Nederland en de Europese integratie, 1950-1986

 
English | Nederlands
Samenvatting
3 g. Crisis in de EEG (Zie notulen r.m.r. 29 oktober 1965, punt 3 b; m.r. 15 oktober 1965, punt 4 a en REZ 22 oktober 1965 punt 3)
Vondeling vraagt zich af of het geen tijd wordt om alternatieve oplossingen te bedenken voor de Franse obstructie in de EEG.
Luns vertelt dat met Spaak is besproken of bekeken moet worden of de EVA-landen ook tot de vijf mogen toetreden als de Fransen wegblijven.
Vondeling stelt voor een ambtelijke werkgroep naar alternatieven voor Europese samenwerking te laten zoeken, maar Luns en Den Uyl vinden het hier te vroeg voor.
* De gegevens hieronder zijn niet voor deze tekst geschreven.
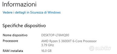 PC Desktop Ryzen 5 3600XT – 16GB RAM – SSD / componenti rivendibili Vendo PC fisso perfettamente funzionante, ideale per: •🧠 uso quotidiano •👨💻 produttività leggera, •🎮 retro gaming, oppure per chi cerca singoli componenti usati da riutilizzare in un’altra build 💪 📋 Specifiche tecniche: •🧠 CPU: AMD Ryzen 5 3600XT (6 core / 12 thread) •🧠 RAM: 16 GB DDR4 3200 MHz •💽 Storage: SSD 500 GB •🖼 Scheda video: NVIDIA GeForce GT 710 (uso base) •🧱 Scheda madre: B550M DS3H •🪟 Windows installato e pronto all’uso 👉 Il PC è reattivo e pronto all’uso, ma volendo potete anche smontarlo facilmente: perfetto per chi vuole CPU, RAM, mobo o SSD a prezzo conveniente. 📍 Consegna a mano su Milano (preferita). 💰 Prezzo: 200 € trattabili.
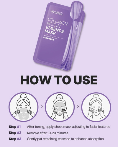 • MÁSCARA DE FOLHA DE CELULOSE KIN FRIENDLY: A Máscara Mediheal Collagen Mucin Essence é especialmente formulada com celulose derivada de plantas que se espalha e adere uniformemente à pele. Esta máscara de tecido macio contorna a pele para máxima absorção de nutrientes e efeitos aprimorados.
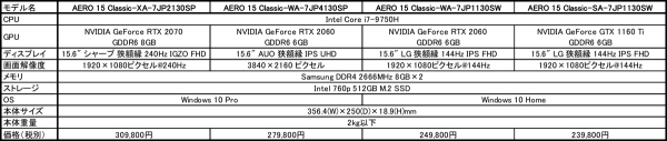 AERO 15 Classicシリーズの新モデルの主な仕様と価格は下記のとおりです。
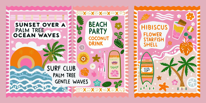 Colorful illustrated postcard set featuring tropical themes and summer vacation elements

In vertrouwelijke sfeer wordt al wel onderzocht wat de economische consequenties zouden zijn als Frankrijk uit de EEG zou stappen.
Frankrijk zal 1 januari 1966 laten weten of het land zal blijven deelnemen aan de EEG.
Cals stelt als conclusie dat naar buiten toe nog niet de indruk gewekt zal moeten worden dat Nederland de EEG-samenwerking opgeeft, maar er zal begonnen worden met de voorbereiding van werkstukken over de mogelijkheden naar aanleiding van de Franse beslissing in januari.